For FY26, the regulator has approved a total revenue requirement of Rs3.52 trillion for ex-Wapda distribution companies (XWDiscos). This figure comprises Rs3.07 trillion for power purchase price (PPP) and Rs454 billion for distribution margins and system losses.
It’s noteworthy that the government had previously increased the base tariff by Rs5.72 per unit (19.2%) to Rs35.50/unit in FY25, making the current reduction a welcome respite for both businesses and households. Nepra credits the easing prices to improved macroeconomic indicators and a noticeable return of captive industrial users to the national grid.
However, challenges persist. Imported coal plants are anticipated to operate at only 24% capacity in FY26, yet they are projected to incur a steep cost of Rs61.43/unit due to high dollar-based returns on equity (27.45%). Concurrently, a surplus of re-gasified LNG (RLNG), stemming from the industrial shift, has reached 450 MMCFD, leading to a diversion cost of Rs300 billion as it is redirected for residential use.
Of the total PPP, Rs1.94 trillion—over 63%—is allocated for capacity charges, while Rs1.13 trillion covers fuel and variable O&M costs. These capacity charges alone translate to Rs6,484 per unit per month, based on an average projected monthly demand of 24,943 MW.
The average PPP per unit for XWDiscos, before transmission and distribution (T&D) loss adjustments, is estimated at Rs26.34/unit. This includes Rs16.67/unit in capacity charges and Rs9.67/unit in energy costs. Including K-Electric’s share, the national average PPP stands at Rs25.98/unit, with the cost passed on to Discos under the prescribed mechanism.
Data indicates that this surplus has curtailed production from key domestic gas fields, increasing reliance on crude oil imports.

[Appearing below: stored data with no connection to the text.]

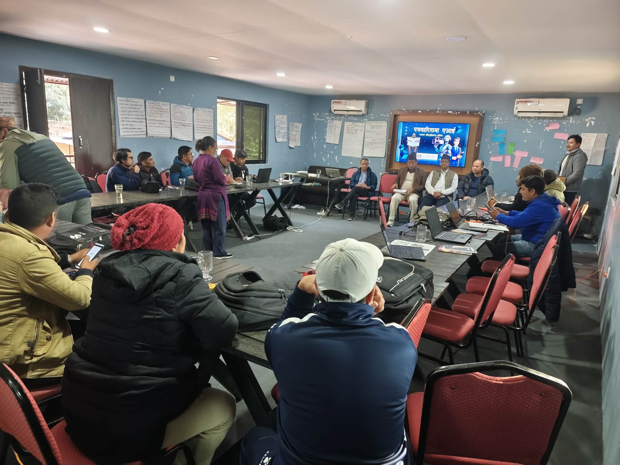 तालिममा एआईको आधारभूत अवधारणा, समाचार लेखनमा एआईको प्रयोग, तथ्य जाँच, तस्बिर तथा भिडियो सामग्री निर्माण, डिजिटल सुरक्षा र पत्रकारितामा एआई प्रयोग गर्दा अपनाउनुपर्ने नैतिक मापदण्डबारे प्रशिक्षकहरु अजय शर्मा र शिव पुरीले सहजीकरण गर्नुभएको थियो ।
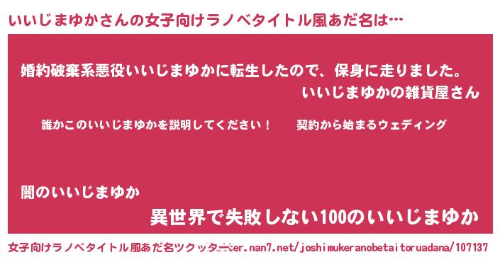 | 胡散臭い通販商品みたいなあだ名 | 『億万長者になれるブレスレット…その名も「いいじまゆか」』 |
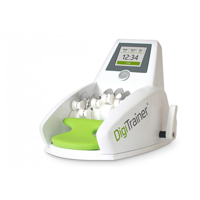 DigiTrainer mobilizuje dłoń o ograniczonym zakresie poruszania palcami, zapobiega skracaniu się mięśni i ścięgien. Jest to napędzane silnikiem urządzenie do terapii palców i dłoni. Celem terapii jest zmniejszenie motorycznych i sensorycznych ograniczeń. Różnorodne podpórki pod dłoń, rożne typy wibracji i rotacji dopasowują urządzenie do indywidualnych potrzeb pacjenta.
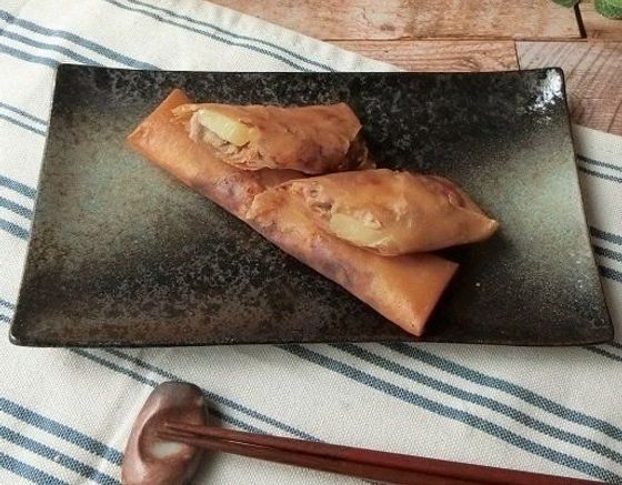 こちらも包丁なし。肉と冷凍ポテトに味付けをして、春巻きの皮で包んであげるだけで完成。
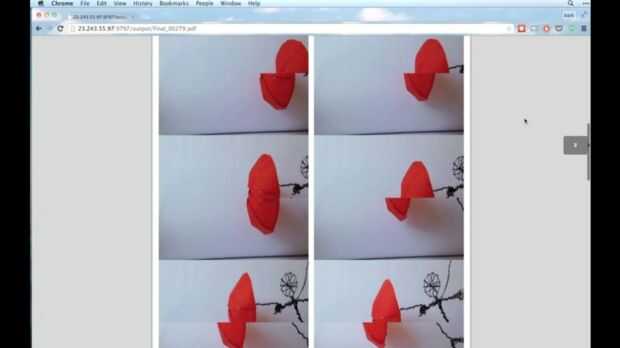 Si está cargando un vídeo, haga clic o arrastre el archivo editado en la caja gris de "subir video". Puede tomar un poco de tiempo para cargar y procesar, dependiendo de tu conexión y el servidor. Cuando ha terminado el proceso, verás una vista previa de baja resolución (no te preocupes, las imágenes de la finales se ven mucho más bonita). Si todo se ve la forma que desee, haga clic en el botón para crear la plantilla para imprimir. Se generará un pdf que puede descargar.

Compounding the issue, hydropower generation is expected to drop 18% year-on-year due to reduced water flows, further shifting the generation mix towards more expensive thermal sources.
While a 900MW south-to-north transmission line, slated for completion by August 2025, could alleviate some bottlenecks, fundamental structural reforms remain critical to achieving sustainable gains in the power sector.